▶ _WHAT TO WORK ON_
Extract only the first line of the listing and every line after it up to and including the one with "2、超短圓柱滾動回轉(zhuǎn)工作臺專利(專利號:ZL 2010 1". Omit the pictures.

▶ _SUPPLIED ENTRIES_
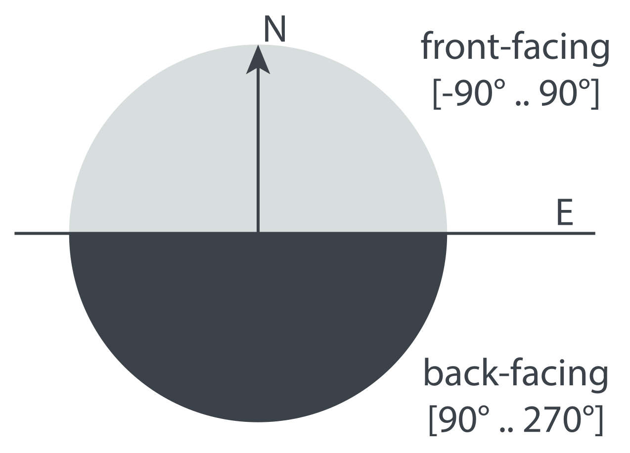 Front-Facing/Back-Facing-Test: lässt sich nun mithilfe der Normalen der vom Polygon aufgespannten Ebenen durchführen:
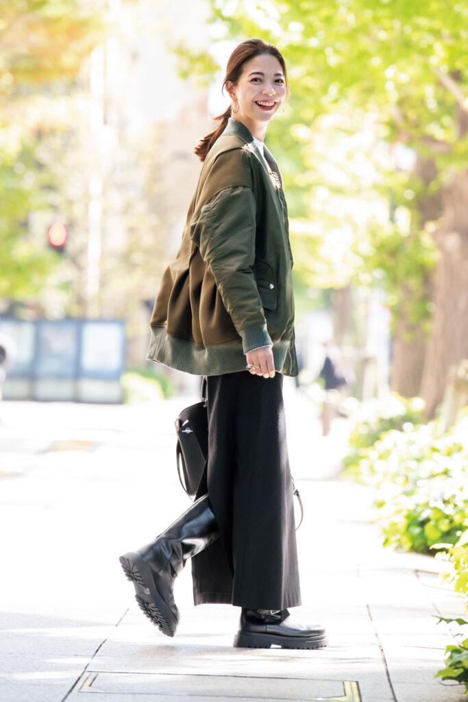 昔から渋色が好きですが、中でもカーキはダントツ!メンズ感が強いアウターは、スカートやワンピで中和させます。
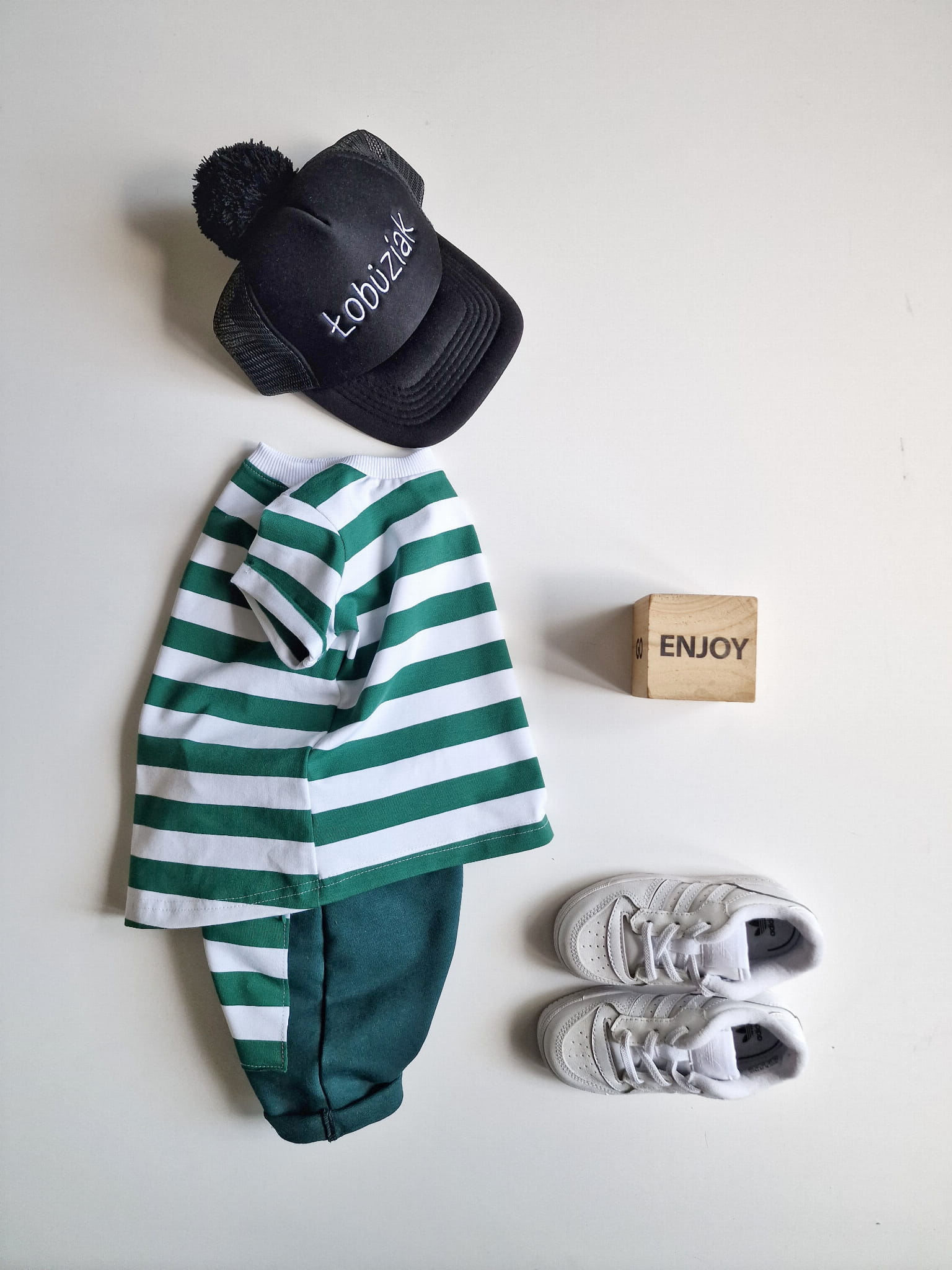 Komplet dziecięcy wykonany z wysokiej jakości dzianiny dresowej.
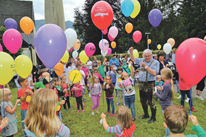 Leider hatte auch der Regen von dieser Einladung gehört und stellte sich immer wieder mit kräftigen Schauern ein. Doch die Pfarrgemeinde ließ sich nicht entmutigen und feierte ein herzliches Fest. Die Kicker beim Fußballwettkampf „Pfarre am Ball“ waren ohnedies wetterfest, die Spielstationen für Kleinkinder wurden kurzerhand in den Kirchenraum verlegt und machten so die Bruder-Klaus-Kirche zu einem richtigen Ort der Begegnung. Den Schlusspunkt bildete bei Sonnenschein ein bunter Luftballonstart!
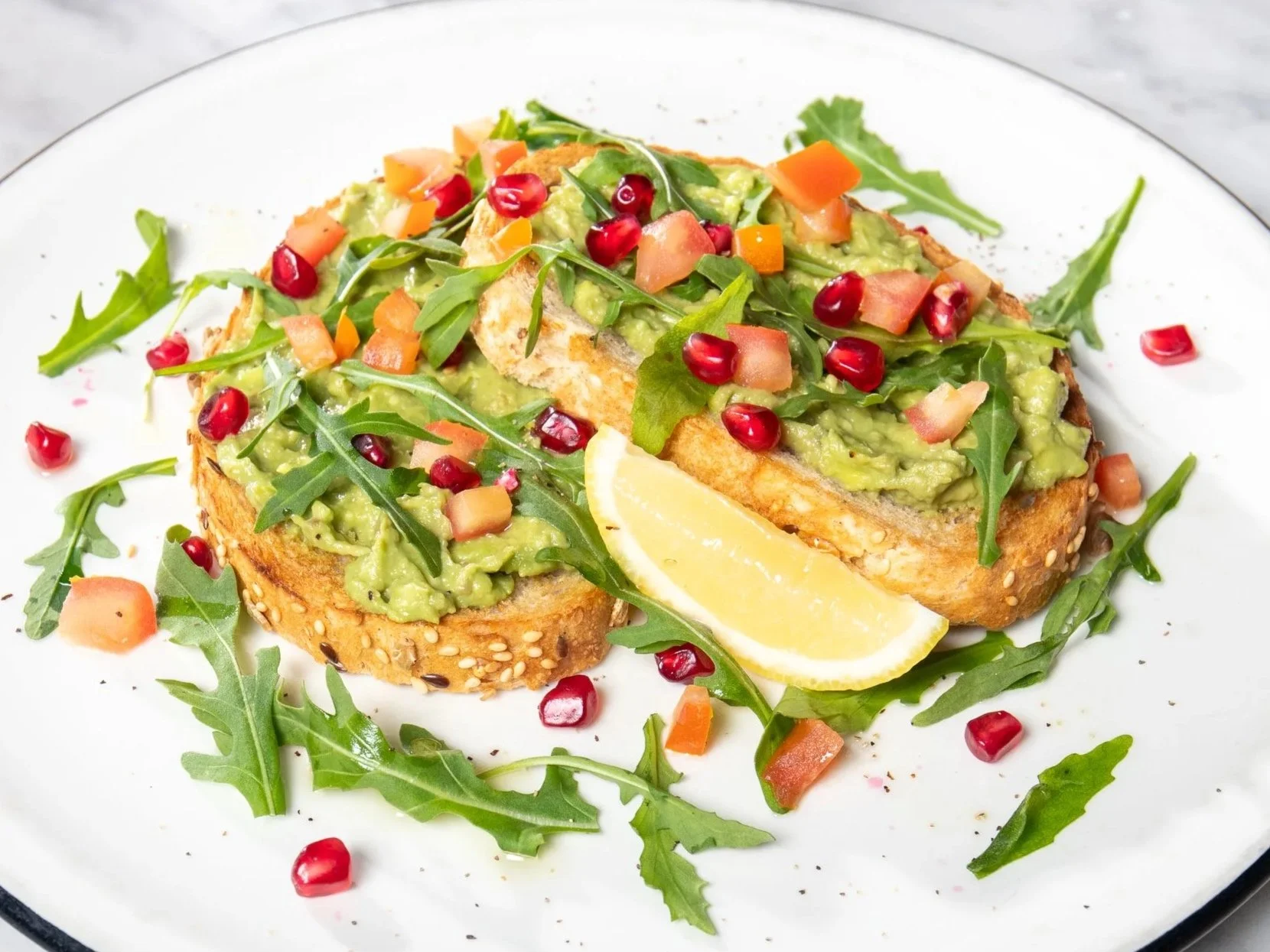 Mashed avocado on sourdough with pomegranate, tomato, rocket and olive oil drizzle
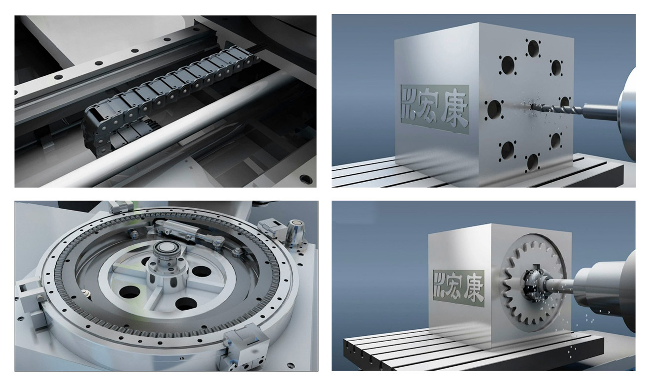 2、超短圓柱滾動回轉(zhuǎn)工作臺專利(專利號:ZL 2010 1 0281167.1)技術(shù),使工作臺支撐能力和可靠性顯著提高。3、各坐標(biāo)軸伺服進給裝置全部采用交流伺服電機驅(qū)動、應(yīng)用預(yù)緊式滾珠絲杠、專用角接觸成組軸承支撐;4、上滑座、立柱采用直線導(dǎo)軌結(jié)構(gòu),精度高,便于安裝調(diào)試。5、主軸箱采用氮氣平衡系統(tǒng),更加穩(wěn)定、可靠、安全。6、拖鏈內(nèi)置技術(shù),有效保護管路運行系統(tǒng)、減少故障率,提高整體美觀度。
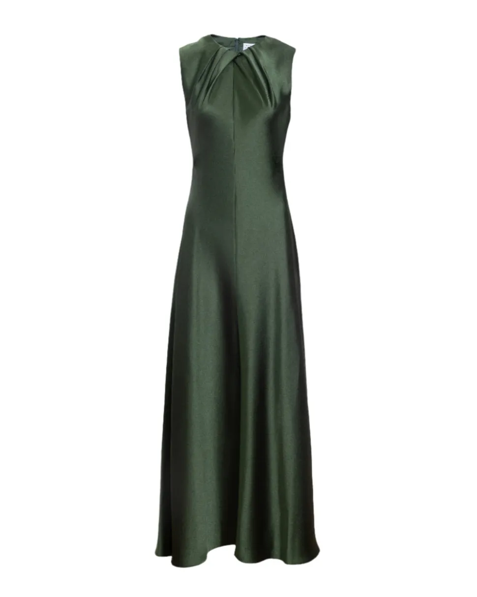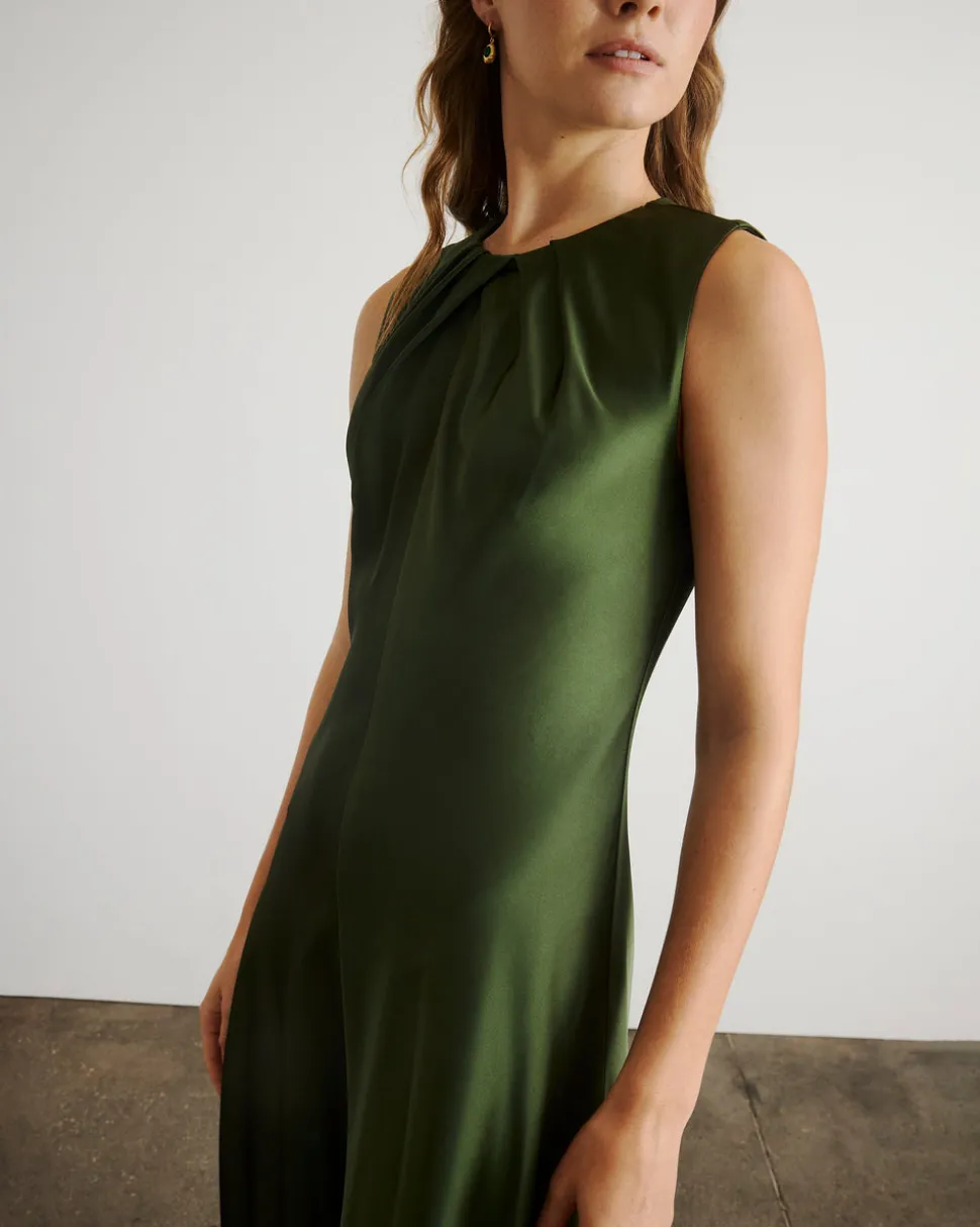 Creating clothing that inspires confidence, celebration, and community, Tanya Taylor is a New York-based womenswear brand whose mission is to provide practicality and style to a range of ready-to-wear in inclusive sizes. Each collection is thoughtfully designed through the artful use of color, texture, and original hand-painted prints. The Emily Dress in Forest Green is a standout occasion silhouette designed in luminous satin crepe for fluid drape and elevated ease. Featuring a crew neckline with delicately placed knife pleating and a bias-cut construction, this maxi-length dress offers timeless elegance with flattering proportions.

▶ _SOLUTION TO THIS EXERCISE_
 Front-Facing/Back-Facing-Test: lässt sich nun mithilfe der Normalen der vom Polygon aufgespannten Ebenen durchführen:
 昔から渋色が好きですが、中でもカーキはダントツ!メンズ感が強いアウターは、スカートやワンピで中和させます。
 Komplet dziecięcy wykonany z wysokiej jakości dzianiny dresowej.
 Leider hatte auch der Regen von dieser Einladung gehört und stellte sich immer wieder mit kräftigen Schauern ein. Doch die Pfarrgemeinde ließ sich nicht entmutigen und feierte ein herzliches Fest. Die Kicker beim Fußballwettkampf „Pfarre am Ball“ waren ohnedies wetterfest, die Spielstationen für Kleinkinder wurden kurzerhand in den Kirchenraum verlegt und machten so die Bruder-Klaus-Kirche zu einem richtigen Ort der Begegnung. Den Schlusspunkt bildete bei Sonnenschein ein bunter Luftballonstart!
 Mashed avocado on sourdough with pomegranate, tomato, rocket and olive oil drizzle
 2、超短圓柱滾動回轉(zhuǎn)工作臺專利(專利號:ZL 2010 1 0281167.1)技術(shù),使工作臺支撐能力和可靠性顯著提高。3、各坐標(biāo)軸伺服進給裝置全部采用交流伺服電機驅(qū)動、應(yīng)用預(yù)緊式滾珠絲杠、專用角接觸成組軸承支撐;4、上滑座、立柱采用直線導(dǎo)軌結(jié)構(gòu),精度高,便于安裝調(diào)試。5、主軸箱采用氮氣平衡系統(tǒng),更加穩(wěn)定、可靠、安全。6、拖鏈內(nèi)置技術(shù),有效保護管路運行系統(tǒng)、減少故障率,提高整體美觀度。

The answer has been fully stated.